On Fri, Jul 17, 2015 at 11:03:45AM -0400, Chuck Lever wrote:
> 
> On Jul 16, 2015, at 4:49 PM, Jason Gunthorpe <jgunthorpe@obsidianresearch.com> wrote:
> 
> > On Thu, Jul 16, 2015 at 04:07:04PM -0400, Chuck Lever wrote:
> > 
> >> The MRs are registered only for remote read. I don’t think
> >> catastrophic harm can occur on the client in this case if the
> >> invalidation and DMA sync comes late. In fact, I’m unsure why
> >> a DMA sync is even necessary as the MR is invalidated in this
> >> case.
> > 
> > For RDMA, the worst case would be some kind of information leakage or
> > machine check halt.
> > 
> > For read side the DMA API should be called before posting the FRWR, no
> > completion side issues.
> 
> It is: rpcrdma_map_one() is done by .ro_map in both the RDMA READ
> and WRITE cases.
> 
> Just to confirm: you’re saying that for MRs that are read-accessed,
> no matching ib_dma_unmap_{page,single}() is required ?

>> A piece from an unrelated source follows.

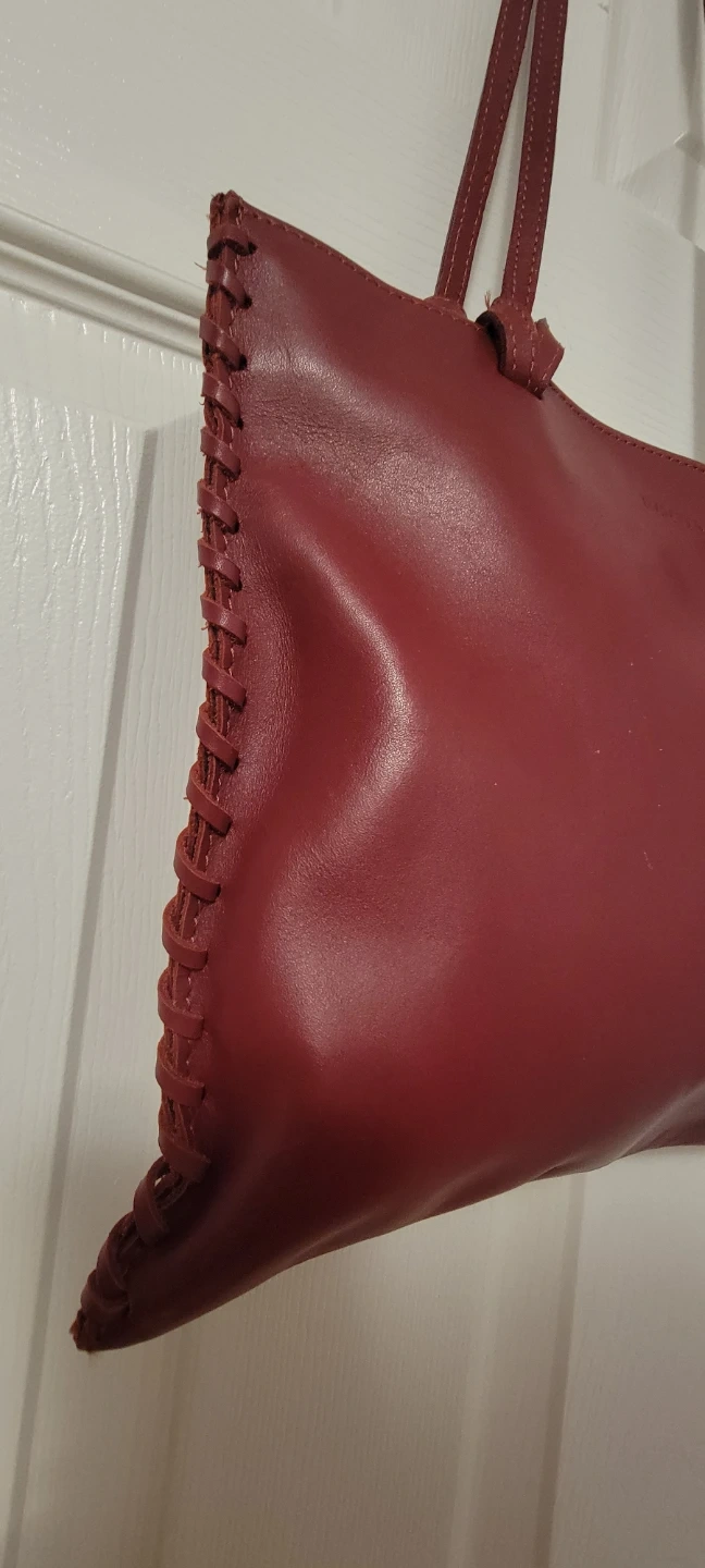 This Roots shoulder bag is made of red leather. It features braided side details and a zippered closure. The interior has a Roots label.

Sorry, I wasn't clear, dma_map/unmap must always be paired, they should
ideally be in the right ordering:
 dma_map(.)
 create MR
 invalidate MR
 dma_unmap()

Remember the DMA API could spin up IOMMU mappings or otherwise,
pairing is critical, ordering is critical, and I'd have some concern
around timeliness too..

When I said no issues, I was talking about running the MR invalidate
async with RPC processing. That should be fine.

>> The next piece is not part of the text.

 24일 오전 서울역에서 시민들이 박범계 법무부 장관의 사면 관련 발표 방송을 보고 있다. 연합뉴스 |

But the dma unmap should be done from the SCQ processing loop, after
it is known the INVALIDATE for the ACCESS_REMOTE_READ MR is
complete. You could perhaps suppress completion for the invalidate, as
long as there is a scheme to track the needed invalidate (see my last
email)

A ACCES_REMOTE_WRITE MR side is basically the same, except the
INVALIDATE should be signaled and RPC processing should resume from
the SCQ side.

This is where you'd put a 'server trust' performance option to run
even the write invalidate async, then the dma_unmap should be done
when the invalidate is posted.

> Sure. It might be possible to move both the DMA unmap and the
> invalidate into the reply handler without a lot of surgery.
> We’ll see.
> 
> There would be some performance cost. That’s unfortunate because
> the scenarios we’re guarding against are exceptionally rare.

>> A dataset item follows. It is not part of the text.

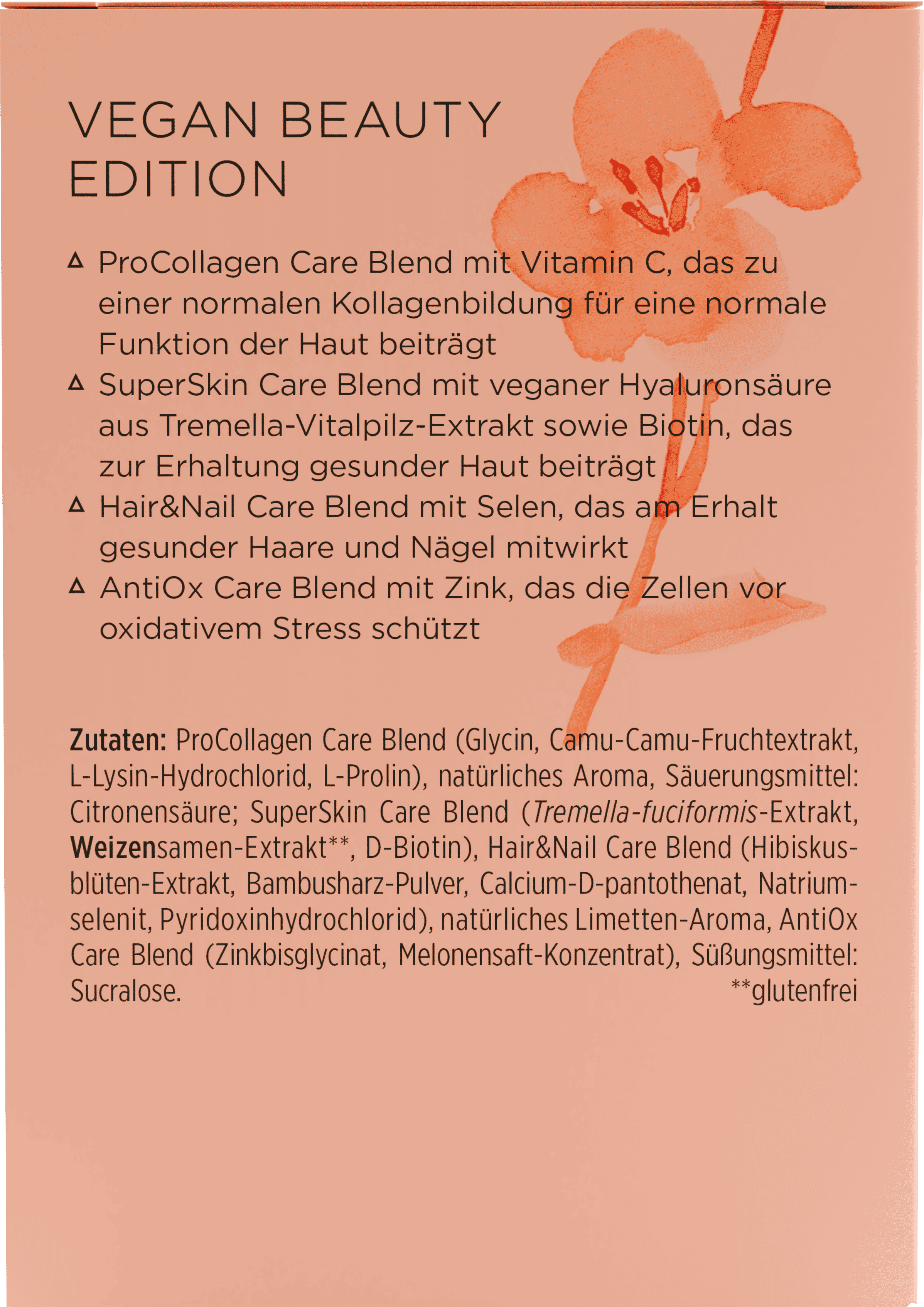 ProCollagen Care Blend (glycine, extrait de fruit de camu-camu, Chlorhydrate de L-lysine, L-proline), Arôme naturel, acidulant (Acide citrique), SuperSkin Care Blend (extrait de Tremella fuciformis, extrait de graines de blé[1], D-Biotine), Hair&Nail Care Blend (extrait de fleur d'hibiscus, poudre de résine de bambou, D-pantothénate de calcium, Sélénite de sodium, Chlorhydrate de pyridoxine), Arôme citron vert, AntiOx Care Blend (bisglycinate de zinc, jus de melon concentré), Edulcorant (Sucralose)

NFS needs to learn to do SEND WITH INVALIDATE to mitigate the
invalidate cost...

> > Use a scheme where you supress signaling and use the SQE accounting to
> > request a completion entry and signal around every 1/2 length of the
> > SQ.
> 
> Actually Sagi and I have found we can’t leave more than about 80
> sends unsignalled, no matter how long the pre-allocated SQ is.

Hum, I'm pretty sure I've done more than that before on mlx4 and
mthca. Certainly, I can't think of any reason (spec wise) for the
above to be true. Sagi, do you know what this is?

The fact you see unexplained problems like this is more likely to be a
reflection of NFS not following the rules for running the SQ, than a
driver bug. QP blow ups and posting failures are exactly the symptoms
of not following the rules :)

Once the ULP is absolutely certain, by direct accounting of consumed
SQEs that it is not over posting, would I look for a driver/hw
problem....

> Since most send completions are silenced, xprtrdma relies on seeing
> the completion of a _subsequent_ WR.

Right, since you don't care about the sends, you only need enough
information and signalling to flow control the SQ/SCQ. But, a SEND
that would other wise be silenced, should be signaled if it falls at
the 1/2 mark, or is the last WR placed into a becoming full SQ. That
minimum basic mandatory signalling is required to avoid deadlocking.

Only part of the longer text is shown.